I'm going out today to see if I can find a baby "sling" type of thing. He has like zero interest in flying although his parents are pretty good at it. I wonder if he has thyroid problems?


----------



## Cyreen (Jun 6, 2010)

Piglet! I adore that name, but haven't found anyone it suited. I wanna see pictures - he sounds adorable. Hopefully he's healthy.


----------



## doveone52 (Aug 3, 2009)

I really do think he's healthy. We tried a little flying lesson yesterday and he's no where near flying! But you know, that can change in a day at this age. Piglet really is the perfect name for him. You should se him eat! Beak like a steel trap!
But he's also happy as a clam sitting in my lap or especially climbing up under my chin, his fav spot! I've got to change the batteries in my camera and I should be good to send a pic!


----------



## boneyrajan.k (Jul 15, 2010)

waiting for the pic.......


----------



## doveone52 (Aug 3, 2009)

I just took a bunch out in my yard! It's chilly but really pretty out. Hope they turn out but he kept running back to me wherever I put him. I'll get my husband to put them up this evening! When we were done, he scurried up to my neck and tunnelled his way into my hoodie! He's so sweet!


----------



## spirit wings (Mar 29, 2008)

I do have to tell you..frillbacks will not fly like a homer would.. they are pretty heavy and well..lazy....lol... they just like to be looked at...lol... mine just go to the perch and then to the food..and then the nest and that is about it.. not flappin or active things like my homers do.. the homers are always milling around doing something... like the have ADHD... the frills well he would be happy in your hoodie for the rest of his life...lol...


----------



## doveone52 (Aug 3, 2009)

Oh, Michelle, he is definitely not like my homers! He's about as agile as...well...a Piglet! That's ok, he has a place in my hoodie for life!


----------



## Doves1111 (Mar 5, 2005)

doveone52 said:


> Oh, Michelle, he is definitely not like my homers! He's about as agile as...well...a Piglet! That's ok, he has a place in my hoodie for life!

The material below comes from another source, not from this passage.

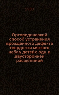 Ортопедический способ устранения врожденного дефекта твердого и мягкого неба у детей с одно- и двусторонней расщелиной : Метод. рекомендации / Перм. гос. мед. ин-т, Перм. обл. отд. здравоохранения; [Сост. Т.В. Шарова, Е.Ю. Симановская]. - Пермь : Б. и., 1983. - 24 с. : ил. ; 21 см Купить в OZON

He sounds so cute...I can't wait to see him!!! Where's the pics? 

Dawn


----------



## doveone52 (Aug 3, 2009)

I have been trying all morning to get the pics up. I am so not a computer person! all I've managed to do is to reduce the size of the print on PT to microscopic! I hope Michelle gets my message but in the meantime, they're on my facebook page. Look for Sue Brooks, probably the only one with a fat little white crested frillback as profile pic! Don't worry, you don't have to friend me if you just want to look!


----------



## spirit wings (Mar 29, 2008)

*here is the little piglet!*

sorry it took so long.. I did not see your message till late.. he is so cute!! he is at the awkward stage right now... they are so impressive when they mature..


----------



## doveone52 (Aug 3, 2009)

Michelle, what would I do without you?! He's at the incredibly cute stage to me. I think I've found the perfect companion as we have about the same energy level!


----------



## spirit wings (Mar 29, 2008)

doveone52 said:


> Michelle, what would I do without you?! He's at the incredibly cute stage to me. I think I've found the perfect companion as we have about the same energy level!

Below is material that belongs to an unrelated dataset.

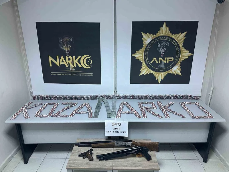 Kozan İlçe Emniyet Müdürlüğü ekipleri tarafından ilçede uyuşturucu kullanımını ve ticaretini engellemeye yönelik yürütülen çalışmalar çerçevesinde A.E.E.’nin uyuşturucu sattığı tespit edildi. Polis şüpheliyi teknik ve fiziki olarak takip etmeye başladı. Yapılan takip sonucu 10 Ocak günü şahıs Tufanpaşa Mahallesi Canoğlu Sokak’ta uyuşturucu satarken suçüstü yakalandı. Şüphelinin üstünde ve ikametinde yapılan aramalarda 5 bin 473 uyuşturucu hap, 1 pompalı av tüfeği, 1 ruhsatsız av tüfeği ve 1 kurusıkı tabanca ele geçirildi.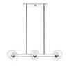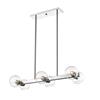 Light up a kitchen island or bar space with this contemporary pendant light by Z-Lite®. This light features a chrome finish and a horizontal mounting structure that displays two rows of four delicate clear glass orb shades.

I always thought they would make great pet birds... mine here even in the loft have become somewhat tame with just a bit of interaction.. they are so sweet and fluffy...


----------



## doveone52 (Aug 3, 2009)

Yes, they remind me of icing on a cake! All swirly!


----------



## Woodnative (Jul 4, 2010)

Great photo!! My one female frillback will land on you whenever you walk into the loft....the other female will land on you if you have food. My male looks at them like "you girls are crazy". I am still hoping for eggs and youngsters!
Thanks for sharing these photos!


----------



## doveone52 (Aug 3, 2009)

That's cute! Good luck with the babies! And thanks for the compliment!


----------



## Cyreen (Jun 6, 2010)

Piglet is adorable - love his gawky little beak and fluffy butt!


----------



## doveone52 (Aug 3, 2009)

Thanks, Cyreen! I'm so proud of him.


----------



## Doves1111 (Mar 5, 2005)

He is so cute...a little Fluffernutter!!! 

Dawn


----------



## doveone52 (Aug 3, 2009)

Oh, that's a good one, Dawn! Thanks for friending me by the way! I love your horses!


----------



## TAWhatley (Mar 6, 2001)

Darling youngster! Gonna be gorgeous when grown. 

Terry


----------



## Kiko&Kalani (Aug 10, 2010)

Adorable! Prettiest (or handsomest) little piglet I've ever seen. Who needs to fly when you can just stand there and look so good


----------



## doveone52 (Aug 3, 2009)

Kiko&Kalani said:


> Adorable! Prettiest (or handsomest) little piglet I've ever seen. Who needs to fly when you can just stand there and look so good


Thank you! Very good point!


----------



## UssChicago1 (Mar 7, 2011)

Very Cute ! ! !


----------



## doveone52 (Aug 3, 2009)

Thanks, everyone! I have an update! Piglet has been flapping his wings a few times in succession, then he acts like he's all worn out! Well, today, he flew from my lap to the floor all on his own! No crash landing either. Then he did a little victory dance, circling while flapping his wings! Impressive wing span. He's lost his yellow fuzz and his crest is coming out really nice. 
Now for the big news! I think he might be a grizzle! I've been noticing some dark tufts of feathers-red?-on his forehead and the back of his neck. It's hard to see because he's so curly! Maybe all the white ones have a few dark feathers and I never noticed? I love grizzles and I don't have a single one so I am superexcited! 
Hope, hope, hoping he's a grizzle but he could be bald and I would love him the same!


----------



## Cyreen (Jun 6, 2010)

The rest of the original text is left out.